On a whim, he decides to visit his hometown where he finds his high school crush, Millie (Rachel Bilsosn), toiling away as a barmaid. Inviting her to come to Rome, he books two tickets via a conventional travel mode. But David’s foreign adventure is disrupted when he discovers another jumper. Griffin (Jamie Bell), a more savvy and experienced teleporter is only steps ahead of Roland (Samuel L. Jackson) and the rest of the Paladins, a quasi-religious group of fanatics intent on killing the jumpers.
Like David’s erratic leaps across the continents, the script takes some huge bounds in logic. The source of David’s powers is unexplained and although the conflict between the Paladins and jumpers is centuries old, the reason for the rancorous relationship is never revealed. However, once the pursuers capture a jumper—using their electrified, tazer-like weapons—the victim is brutally stabbed to death before they can use their abilities to do evil. (Apparently the hordes of stolen money and merchandise David has already collected are not considered to be unscrupulous, nor is driving at excessive speeds through crowded city streets.)

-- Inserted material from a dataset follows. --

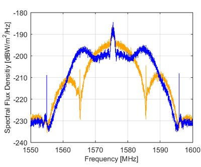 GPS-Satelliten verfügen über die Fähigkeit, die Sendeleistung zwischen den verschiedenen Signalkomponenten umverteilen zu können. Diese sogenannte Flex Power kann sowohl mit GNSS-Empfängern als auch mit der Parabolantenne in Weilheim beobachtet werden und wird seit 2017 in verschiedenen globalen und regionalen Ausprägungen verwendet. Abbildung 2 zeigt den Einfluss von Flex Power auf die in Weilheim gemessene Leistungsspektraldichte. Hier wurde das M-Code Signal deaktiviert, dadurch verschwinden die beiden Nebenmaxima bei 1566 und 1585 MHz und die Leistung des P-Code Signals mit einer Mittenfrequenz von 1575.42 MHz wurde um ca. 6 dB angehoben.

In his gravest voice, Roland reminds David that every action has a consequence, but the reality is very few if any penalties are shown for anyone. Drinking, fistfights, premarital relations, an extreme sexual expletive and hand gesture along with weapons, like flame-throwers, bombs and kitchen knives, are all employed without reservation in this fast-paced action film.
Yet unlike other mutants who often use their powers to help an ailing society, David seems to find little use for his talents other than meeting his own self-serving interests. With plenty of violence and language concerns throughout this adventure, the famous locations this world traveler visits might be beautiful to look at, but parents likely won’t be jumping to take their kids to see them.Starring Jamie Bell, Hayden Christensen, Samuel L. Jackson.. Running time: 88 minutes. Theatrical release February 13, 2008. Updated April 27, 2009
Rating & Content Info
Why is Jumper rated PG-13? Jumper is rated PG-13 by the MPAA for sequences of intense action violence, some language and brief sexuality.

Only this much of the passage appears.